- The Washington Times - Sunday, June 6, 2004

BAGHDAD — A roadside bomb killed two American soldiers and wounded two in a series of attacks yesterday against coalition forces and their Iraqi allies, while tensions eased in the Shi’ite holy cities of Najaf and Kufa.

Radical Shi’ite cleric Muqtada al-Sadr met in Najaf with Iraq’s most influential spiritual leader, Grand Ayatollah Ali al-Husseini al-Sistani, for the first time since the anti-U.S. cleric launched an uprising against coalition forces in April, an aide to Sheik al-Sadr said.

Iraqi police extended their control in Najaf and Kufa after a deal announced Thursday to remove gunmen loyal to Sheik al-Sadr from the streets.

In the restive Sunni Muslim city of Fallujah west of Baghdad, residents reported an armed clash late yesterday. However, a coalition spokesman said no U.S. personnel were involved in any action in the city, where security is in the hands of an Iraqi unit organized with U.S. support after the Marines lifted their siege in late April.

In another development, Salah al-Zidani, brother of the informant who led U.S. forces to Saddam Hussein’s sons, was killed yesterday by gunmen in the northern city of Mosul, witnesses and hospital officials said.

U.S. officials have not publicly confirmed who turned in Uday and Qusai Hussein, but many people in Mosul have identified him as Nawaf al-Zidani, who collected the $30 million reward — $15 million for each son. Nawaf al-Zidani has not been seen since Saddam’s sons were killed in July.

The roadside bombing, which occurred in eastern Baghdad, was the second fatal attack against American troops in the capital in as many days.

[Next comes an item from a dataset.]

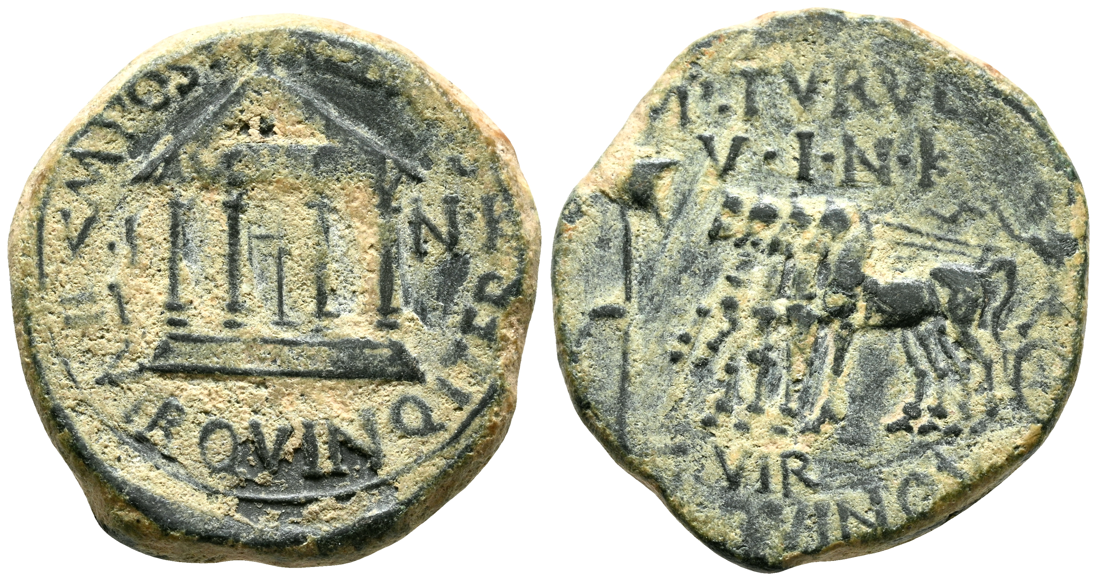 CARTAGONOVA (Cartagena, Murcia). Semis. (Ae. 4,80g/19mm). 14-36 d.C. (FAB-602). Anv: Templo tetrástilo con inscripción: AVGVSTO, entre: VI-NK, alrededor leyenda: M POSTV ALBINVS II VIR QVINQ ITER. Rev: Cuádriga a izquierda, delante vexilo, alrededor leyenda: P TVRVLLI VINK II VIR QVINQ ITER. MBC.

Five U.S. soldiers were killed and five wounded Friday in an ambush near the Shi’ite neighborhood of Sadr City, an al-Sadr stronghold.

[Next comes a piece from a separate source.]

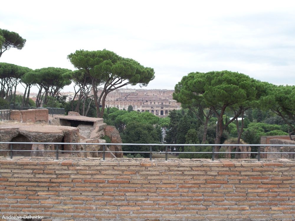 Palatin: Oben auf dem Domus Septimius Severus mit Blick auf das Colosseum

Elsewhere in Sadr City, Sheik al-Sadr’s militiamen attacked an Iraqi police station and American soldiers guarding the building returned fire, wounding at least one militiamen, witnesses said.

Assailants also ambushed two civilian sport utility vehicles, favored by Western civilian contractors, on the road to Baghdad’s international airport. An Iraqi Interior Ministry official said two or three persons were killed.

Another civilian car carrying Westerners was attacked in Mosul. Police said one civilian was killed and three injured, but they refused to identify them by nationality.

A rocket-propelled grenade also hit an Iraqi army recruiting center in Mosul, wounding 17 persons, according to hospital officials and police.

Sheik al-Sadr briefed Ayatollah al-Sistani on the plan announced Thursday to pull back Shi’ite militiamen and U.S. forces from Shi’ite Islam’s holiest shrines, said Ahmed al-Shibani, a representative of Sheik al-Sadr’s office.

“Al-Sistani has thanked [al-Sadr] for his efforts … to peacefully resolve this crisis,” Mr. al-Shibani said. “The agreement is moving toward success and is on the right path.”

The 30-year-old Sheik al-Sadr has been eager to win the support of Ayatollah al-Sistani — an older, more moderate cleric who commands broad respect among Iraq’s Shi’ites. The ayatollah for his part has been eager to avoid a U.S. assault on Najaf and to prevent internal rifts among the Shi’ite majority, which is hoping to take power in national elections in January.

The session in Ayatollah al-Sistani’s office lasted about 10 minutes, his guards said.

By midday yesterday, Sheik al-Sadr’s fighters remained at the most sensitive religious sites, but were no longer brandishing weapons, an aide to the cleric said. Iraqi police were seen taking up positions in the city, but were avoiding the area around the shrine.